The same permission system that makes DeFi fast is the one that keeps draining your wallet while you sleep.

The Summary

The Signal

Ekubo Protocol, a decentralized exchange, lost roughly $1.4 million in wrapped Bitcoin after attackers found a vulnerability in its EVM swap router contracts. The exploit was approval-based, meaning it leveraged the permission system users grant protocols to move tokens on their behalf. This is the same mechanism that makes swapping tokens feel instant and seamless.

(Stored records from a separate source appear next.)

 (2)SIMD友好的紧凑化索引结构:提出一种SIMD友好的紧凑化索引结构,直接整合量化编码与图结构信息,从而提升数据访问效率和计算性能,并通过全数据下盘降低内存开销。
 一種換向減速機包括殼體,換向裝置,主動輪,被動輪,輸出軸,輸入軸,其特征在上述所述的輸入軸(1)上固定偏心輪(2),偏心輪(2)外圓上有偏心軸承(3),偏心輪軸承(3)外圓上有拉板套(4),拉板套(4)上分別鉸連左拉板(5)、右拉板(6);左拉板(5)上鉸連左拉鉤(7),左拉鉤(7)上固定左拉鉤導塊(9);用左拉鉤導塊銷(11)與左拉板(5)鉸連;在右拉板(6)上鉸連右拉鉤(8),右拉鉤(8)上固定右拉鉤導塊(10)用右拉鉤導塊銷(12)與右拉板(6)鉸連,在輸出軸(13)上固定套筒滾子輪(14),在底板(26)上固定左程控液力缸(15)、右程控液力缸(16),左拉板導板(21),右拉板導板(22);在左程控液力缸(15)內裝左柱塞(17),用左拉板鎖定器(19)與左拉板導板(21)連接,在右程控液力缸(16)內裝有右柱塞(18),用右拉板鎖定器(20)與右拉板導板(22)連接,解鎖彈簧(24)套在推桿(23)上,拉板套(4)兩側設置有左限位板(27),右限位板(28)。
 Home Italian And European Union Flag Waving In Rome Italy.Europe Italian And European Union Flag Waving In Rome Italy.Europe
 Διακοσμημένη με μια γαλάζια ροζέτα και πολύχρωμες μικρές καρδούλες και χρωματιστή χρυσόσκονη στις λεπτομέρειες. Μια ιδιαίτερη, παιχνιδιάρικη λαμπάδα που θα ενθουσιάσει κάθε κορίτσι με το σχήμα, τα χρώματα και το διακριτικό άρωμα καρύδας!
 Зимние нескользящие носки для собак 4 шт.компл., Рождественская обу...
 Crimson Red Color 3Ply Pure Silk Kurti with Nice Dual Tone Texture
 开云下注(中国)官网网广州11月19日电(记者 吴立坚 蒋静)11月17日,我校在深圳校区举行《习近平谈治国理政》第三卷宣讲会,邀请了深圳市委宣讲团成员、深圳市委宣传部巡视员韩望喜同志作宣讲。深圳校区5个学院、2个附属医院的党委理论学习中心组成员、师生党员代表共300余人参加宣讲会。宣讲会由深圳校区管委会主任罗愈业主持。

The attack is part of a larger pattern. April saw a series of high-profile DeFi exploits, and May appears to be following the same trajectory. The consistent cadence suggests attackers are getting better at finding these flaws, not that protocols are getting sloppier. The approval architecture itself is the problem.

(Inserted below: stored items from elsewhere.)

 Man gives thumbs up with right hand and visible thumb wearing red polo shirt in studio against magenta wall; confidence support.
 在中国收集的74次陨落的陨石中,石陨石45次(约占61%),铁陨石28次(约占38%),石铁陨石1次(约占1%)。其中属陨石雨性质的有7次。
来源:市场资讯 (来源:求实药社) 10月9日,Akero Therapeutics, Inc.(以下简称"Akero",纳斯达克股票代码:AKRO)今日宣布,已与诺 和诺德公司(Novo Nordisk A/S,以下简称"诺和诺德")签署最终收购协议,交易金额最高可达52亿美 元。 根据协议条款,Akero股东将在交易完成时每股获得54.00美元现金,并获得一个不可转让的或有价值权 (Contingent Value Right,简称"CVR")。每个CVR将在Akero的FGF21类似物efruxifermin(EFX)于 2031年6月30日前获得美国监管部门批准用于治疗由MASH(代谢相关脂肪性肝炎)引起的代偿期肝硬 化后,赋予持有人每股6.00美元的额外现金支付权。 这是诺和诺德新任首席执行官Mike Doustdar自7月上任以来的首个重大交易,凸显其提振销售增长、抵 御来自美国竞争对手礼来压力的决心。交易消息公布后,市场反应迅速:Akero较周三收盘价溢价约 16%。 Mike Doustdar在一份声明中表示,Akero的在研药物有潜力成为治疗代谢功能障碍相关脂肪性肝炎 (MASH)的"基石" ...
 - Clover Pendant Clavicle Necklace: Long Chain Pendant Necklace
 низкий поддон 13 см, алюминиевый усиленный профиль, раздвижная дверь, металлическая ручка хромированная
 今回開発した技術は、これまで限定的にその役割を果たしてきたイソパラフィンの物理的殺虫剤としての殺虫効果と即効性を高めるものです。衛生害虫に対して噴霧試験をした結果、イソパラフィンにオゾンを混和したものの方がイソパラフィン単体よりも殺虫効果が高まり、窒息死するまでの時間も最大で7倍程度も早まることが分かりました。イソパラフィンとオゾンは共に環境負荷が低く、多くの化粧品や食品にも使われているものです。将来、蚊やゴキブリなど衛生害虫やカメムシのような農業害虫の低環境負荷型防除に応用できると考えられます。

"Token approvals are the devil's bargain of DeFi: trade security for speed, then hope the contract doesn't turn against you."

Here's how approval exploits work in practice:

  • You approve a contract to spend your tokens so you can swap quickly later
  • The contract gets compromised or contains a hidden flaw
  • Attackers drain every wallet that ever granted approval, even if those users haven't interacted with the protocol in months

This attack differs from private key compromises or bridge exploits. Users didn't get phished. The protocol didn't get hacked in the traditional sense. The vulnerability was in the contract logic itself, sitting there waiting to be triggered. Everyone who approved Ekubo's router contract to move their WBTC became a potential victim the moment that flaw went live.

Key points on approval-based risk:

  • Approvals are permanent until revoked, creating a persistent attack surface
  • Most users approve maximum amounts (infinite approvals) for convenience
  • Smart contract audits can miss edge cases in router logic that only become exploitable under specific conditions

The wrapped Bitcoin detail matters. WBTC is among the most liquid and valuable tokens in DeFi. Attackers aren't going after governance tokens or illiquid altcoins anymore. They're targeting the assets people actually use and hold in size. $1.4 million in WBTC is easier to exit than $1.4 million in some protocol's native token.

The Implication

If you've ever used Ekubo or any DEX, check your active token approvals. Tools like Revoke.cash and Etherscan's approval checker let you see which contracts can still move your tokens. Revoke anything you're not actively using. The convenience of keeping approvals active isn't worth the risk when exploits are happening monthly.

For builders: approval-based architecture is a design liability, not a feature. The industry needs better standards around time-limited approvals, amount-limited approvals, and contract-level permission management. Until then, every router contract is a honeypot waiting to be discovered.